DUO AVEC FAURE

Sébastien Lecornu et Olivier Faure ont mené la danse des négociations budgétaires, partageant l'espoir d'un compromis.

De concert, ils assuraient pouvoir arriver à un accord et mettaient tous les deux en garde contre l'absence de budget, qui aurait fait flamber le déficit de la Sécu à 30 milliards d'euros.

Au risque d'oublier un peu leurs ouailles. La fragile coalition gouvernementale de la droite et du centre, divisée, n'a pas voté le projet de budget de l'Etat en première lecture.

« Je n'ai jamais demandé d'aider Lecornu » s'est défendu mardi le Premier secrétaire du PS. « Simplement de voter un texte de compromis ».

Un député Renaissance préfère parler d'une « entente de circonstances pour tenter de briser la tenaille des populistes ».

CONCESSION SUR LES RETRAITES

C'est le principal renoncement du camp présidentiel, qui a permis d'enclencher les débats : la suspension, jusqu'à la présidentielle, de l'emblématique réforme des retraites.

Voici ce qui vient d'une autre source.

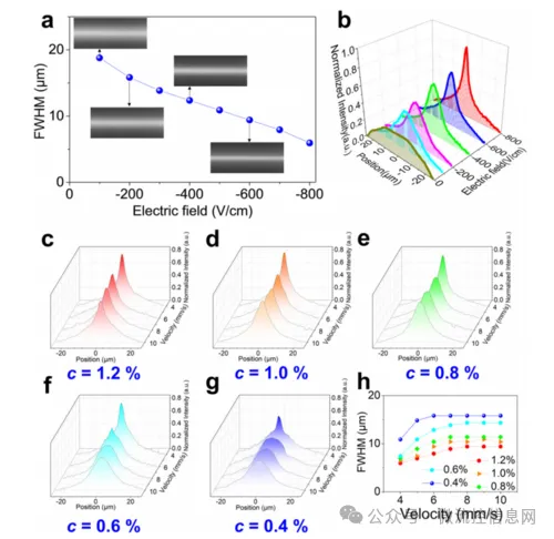 圖4系統(tǒng)研究了電場(chǎng)強(qiáng)度、流速和PEO溶液濃度這三個(gè)關(guān)鍵因素對(duì)納米顆粒聚焦效果的影響。通過(guò)一系列實(shí)驗(yàn)數(shù)據(jù),展示了不同電場(chǎng)強(qiáng)度下納米顆粒聚焦的熒光強(qiáng)度分布和半高寬變化,表明電場(chǎng)強(qiáng)度的增加可顯著改善聚焦效果;同時(shí),分析了不同流速和 PEO 濃度組合下的聚焦性能,發(fā)現(xiàn) PEO 濃度在一定范圍內(nèi)對(duì)聚焦效果有顯著影響,過(guò)高或過(guò)低的濃度均不利于納米顆粒聚焦。該圖通過(guò)量化分析為優(yōu)化納米顆粒操控條件提供了重要參考。

A défaut d'une taxe Zucman sur les hauts patrimoines, les socialistes ont aussi obtenu une augmentation de la contribution sociale généralisée (CSG) sur le capital. Même s'ils ont dû concéder au camp gouvernemental une réduction du périmètre de la hausse, au terme de moult tractations.

ABANDON DU 49.3

Autre geste en direction des socialistes, Sébastien Lecornu a renoncé à utiliser le 49.3, qui permet de faire passer un texte sans vote mais expose à la censure.

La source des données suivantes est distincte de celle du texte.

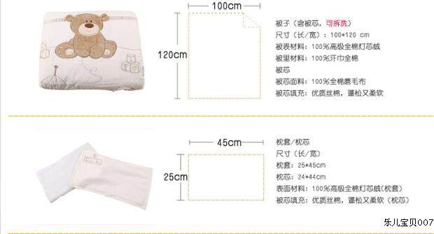 [被子:100*120(表天鹅绒,里针织汗布,100%棉,填充环保无胶丝棉) 被套和被芯可分开。]

Il n'a pas voulu revenir sur sa promesse, malgré l'appel de plusieurs responsables à le réactiver face au risque de rejet du texte.

Il a salué mardi une « majorité de responsabilité » qui a permis l'adoption du texte, estimant que l'absence de 49.3 était « une chance pour la démocratie représentative ».

LE GRAND EFFACEMENT

A défaut de conclure un accord global, Sébastien Lecornu s'est engagé dans une stratégie des « petits pas ». Comme un « grand chef japonais, couteau très fin, on fait des sashimis » et « on jalonne », décrit un proche.

Très discret, il a mené ses tractations loin des médias mais aussi loin de ses soutiens, pas toujours informés.

L'effacement de celui qui se présente comme un « moine soldat » est devenu sa marque de fabrique. Particulièrement actif pour « accompagner le compromis » jeudi et vendredi, il n'était pas présent dans l'hémicycle pour les derniers votes.

« Il nous a dit +humilité, équipe de mission, et accompagnement vers un compromis+. Et on s'y est tenus », résume une ministre impliquée dans les débats.

Ne comptant pas ses heures dans l'hémicycle, c'est davantage la ministre des Comptes publics Amélie de Montchalin qui a pris la lumière et a « beaucoup aidé » en pédagogie, salue une ministre.

DERNIERS GESTES

Alors qu'il lui manquait encore « quelques voix », le Premier ministre a obtenu l'abstention des écologistes en déposant juste avant le vote final un amendement augmentant les dépenses d'assurance maladie de 3%.

En direction des élus d'Outre-mer, il a fait passer un financement supplémentaire pour la santé de ces territoires.

SOCLE EN SOUFFRANCE

Après l'adoption, « on va être comme dans les dessins animés, tout noirs, en lambeaux », prédisait un cadre du bloc central en pointant un déficit de la Sécu qui approche les 20 milliards d'euros.

La droite de la fragile coalition gouvernementale - LR et Horizons - a moyennement apprécié les compromis passés avec la gauche, et s'est réfugiée dans l'abstention.

Le président d'Horizons et candidat déclaré à la présidentielle Édouard Philippe avait annoncé qu'en l'état, il ne voterait pas ce budget, de quoi potentiellement faire capoter son adoption. Refusant toutefois le « chaos », il avait précisé lundi qu'il « ne proposait pas de voter contre ».

ET APRÈS

Le marathon budgétaire est loin d'être terminé pour Sébastien Lecornu, car il ne s'agissait que du deuxième passage du budget de la Sécu devant les députés, qui va repartir au Sénat.

Le Premier ministre va devoir aussi s'atteler au projet de budget de l'Etat, qui promet d'être plus « difficile » encore à faire adopter que celui de la Sécu, selon lui. Le chef de file des députés MoDem Marc Fesneau prône déjà d'utiliser le 49.3.

Fort de cette victoire, « la prochaine étape » sera pour lui « de penser à la présidentielle », anticipe même un député Renaissance.